Chasing Forever Down (Drenaline Surf Series)
Page 18
“I knew it,” he says. “I could see it on your face from across the room at that party. You could escape, you know. This could be your life too. You’ve just gotta get the right people on your side, and then carry a little leverage on them. It’s easier than you’d think, especially when you have idiots like Alston and A.J. using you as their lifeline.”
He faces the ocean again, watching the whitecaps roll over under the glow of the moon. My teeth pierce the inside of my mouth to keep from screaming…but also to keep from crying. He doesn’t know the first thing about A.J. He doesn’t know the guys who watch out for him and lie for him. He doesn’t give a damn either. I fake a yawn then pretend that I’m trying to fight it.
“It’s late, I know,” Colby says. He laughs and stands up, dusting the sand off of his shorts. He reaches his hand out to me, pulls me up from the pier, and nods back toward his truck. “Long day tomorrow,” he says. “Competition time makes everyone crazy around here.”
Part of me wants to tell him it’s not the competition that makes them crazy...or makes him crazy. This whole whirlwind of lies and the secret life of Colby Taylor is what makes everyone crazy.
“Hey, Saturday night…Sunday morning–midnight, meet me here?” he asks. “I swear, this time I mean it. None of that no-show paper star mess. For real. Will you meet me here?”
I’ll be long gone before then. I plan on bailing as soon as competition gets underway. I don’t want to leave, but it takes so many days to drive back across the country.
“Why didn’t you show?” I ask, crossing another question off my mental list.
He shrugs. “I got scared,” he says. “I didn’t mean to be a jerk about it like that. I was afraid you’d figure out who I was or someone else would see me. I bailed before I could get caught. I’d hoped you’d find the star, though.”
I nod as he explains he left it there as a good luck token for me. I wish I had it right now. I need some luck. And I seriously have to get away from Colby Taylor.
“So you’ll meet me here? This very spot?” he asks again. He counts the tiki torches. “Third torch from the end?”
“Definitely,” I lie. “I’ll be here.”
The night is as dead as the guy who was once Spence Burks, and I’d give anything to hear the roar of Vin’s motorcycle or even that dying cat shriek of A.J.’s car. For a clear cove night, the air is thick with disappointment. The stars mock me from way above, looking down on me and laughing. They make me feel like I’m back in junior high and not cool enough to hang with the popular girls because my hair is too frizzy and my makeup isn’t heavy enough.

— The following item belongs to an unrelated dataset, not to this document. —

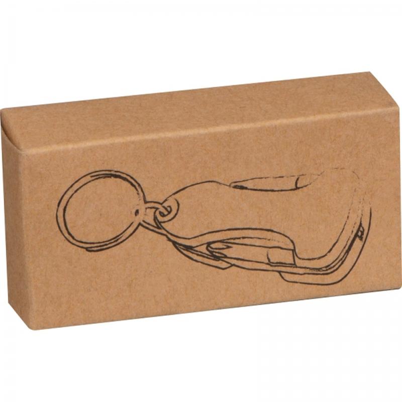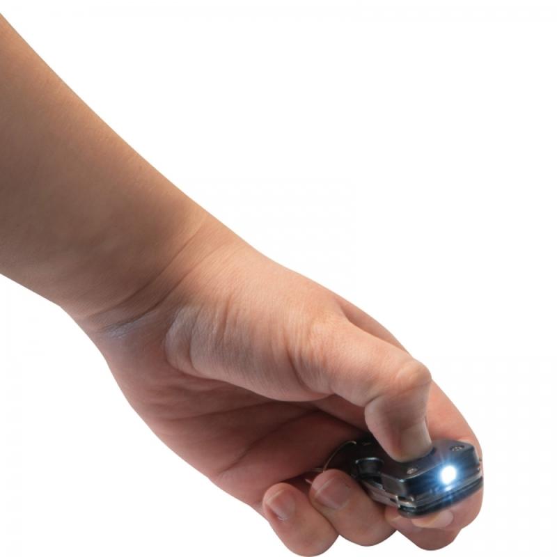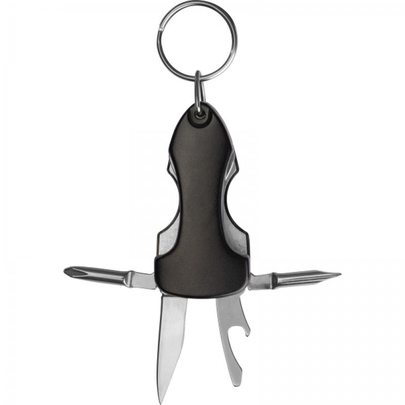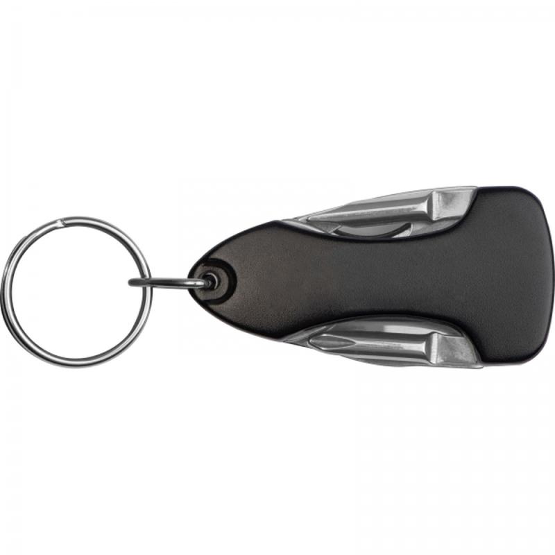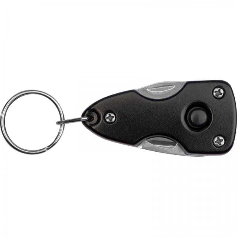 Metalowy brelok, który zawiera lampkę LED, płaski i krzyżakowy śrubokręt, otwieracz do butelek oraz nożyk.

Red Christmas lights flicker on the hill above where Colby’s truck is parked. Their time with me is short-lived before the restaurant’s owner flips them back off and heads home for the night. But those words – those words painted in red on a wooden sign with a silly red crab painted next to them – give me hope. Solomon’s Crab Shack. His light has found me on the far side of the cove.
“Oh shit!” Colby yells. He grabs my arm, and we pummel back toward the wooden floor of the pier. “Get back!” he hisses.
We duck down behind a garbage can that smells like bananas and onions. Headlights whirl around the parking lot, near his truck, and in the vicinity of where we’re hiding. I don’t think he’s even breathing. In the moonlight, I can see his wide eyes, but he’s a statue.
“That was close,” he finally whispers after the car is far gone.
I hate admitting that Vin was right. But he was so right.
Colby Taylor is never going to change.
I keep my best smile painted on my face through the first DVD Colby shows me of his surfing competitions from last summer. He falls asleep during the second DVD, the one where Alston is mock interviewing him about surfing and what it means to him. It was filmed not long after Shark died, before Colby lost all of his heart. He has a spark in his eyes and a light in his voice that reminds me of Miles and the way he talked about “getting it” and how Dominic never would. If this forever-chasing path leads to what Colby’s become, then the gods of forever can have forever back.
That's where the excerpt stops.